From: Luis Flores <luiscamposflores(at)gmail(dot)com>
To: pgsql-jdbc(at)postgresql(dot)org
Cc: Albe Laurenz <laurenz(dot)albe(at)wien(dot)gv(dot)at>, Florent Guillaume <fg(at)nuxeo(dot)com>, Kevin Grittner <Kevin(dot)Grittner(at)wicourts(dot)gov>, DocSea - Patrice Delorme <pdelorme(at)docsea(dot)com>
Subject: Re: Bug : FAST_NUMBER_FAILED when getting NaN on BigDecimal
Date: 2012-09-12 15:33:28
Message-ID: CA+nXnG80Wfqt52krjQOUq3RjuXOkVf3Ju5z6S2WRM-RK0Cd1LQ@mail.gmail.com (view raw or flat)
Thread:
Lists: pgsql-jdbc
Hello,

All solutions seem to have a really negative side.

My opinion is:
Maintain default old behaviour (avoid break things ...)

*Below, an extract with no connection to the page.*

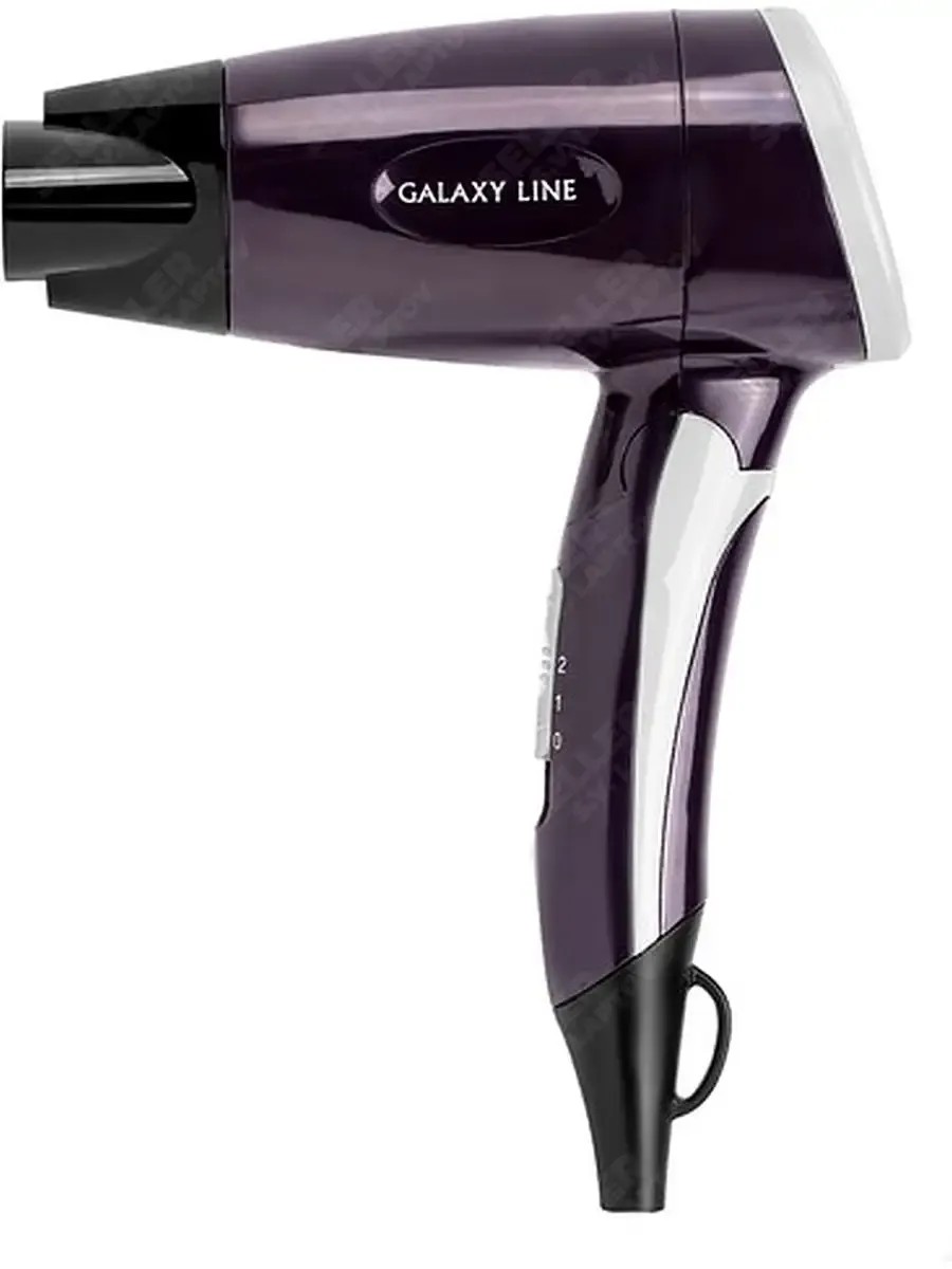The stylish, compact GALAXY LINE GL4338 hair dryer is an essential appliance for home and travel. Its foldable handle allows for compact storage. It takes up minimal space in both your closet and suitcase. It features an optimal power output of 1200 W and 2 airflow speeds: a low airflow for finishing styling, and a high airflow for intensive drying. The included concentrator nozzle prevents airflow dispersion and directs the air stream directly to a specific strand of hair. This speeds drying and makes styling easier. A hanging loop allows for convenient storage in a bathroom or cabinet. Create custom looks while caring for your hair! Be unique with the GALAXY LINE! 2-year warranty. Over 700 service centers. When you purchase a GALAXY LINE hair dryer, you receive a folding comb with a mirror as a GIFT!

Create url property to enable new behavior (big_decimal_nan=true)

Create new PgBigDecimal class extending BigDecimal, with constants for
NaN, NEGATIVE_INFINITY and POSITIVE_INFINITY (these values can be
created with new BigDecimal( BigInteger.valueOf( 0 ), 100 ), new
BigDecimal( BigInteger.valueOf( 0 ), 101 ), new BigDecimal(
BigInteger.valueOf( 0 ), 102 ) )

Override most BigDecimal's method to throw Exception or give correct
results on operations with these constants and converting values
from/to Double.

For those worried about using 0^X for these constants, this operation
new BigDecimal( BigInteger.valueOf( 0 ), 100 ).equals( new BigDecimal(
0 ) ) returns false, which is a good thing :)

I believe this is the only correct manner to use NaN with Numeric value.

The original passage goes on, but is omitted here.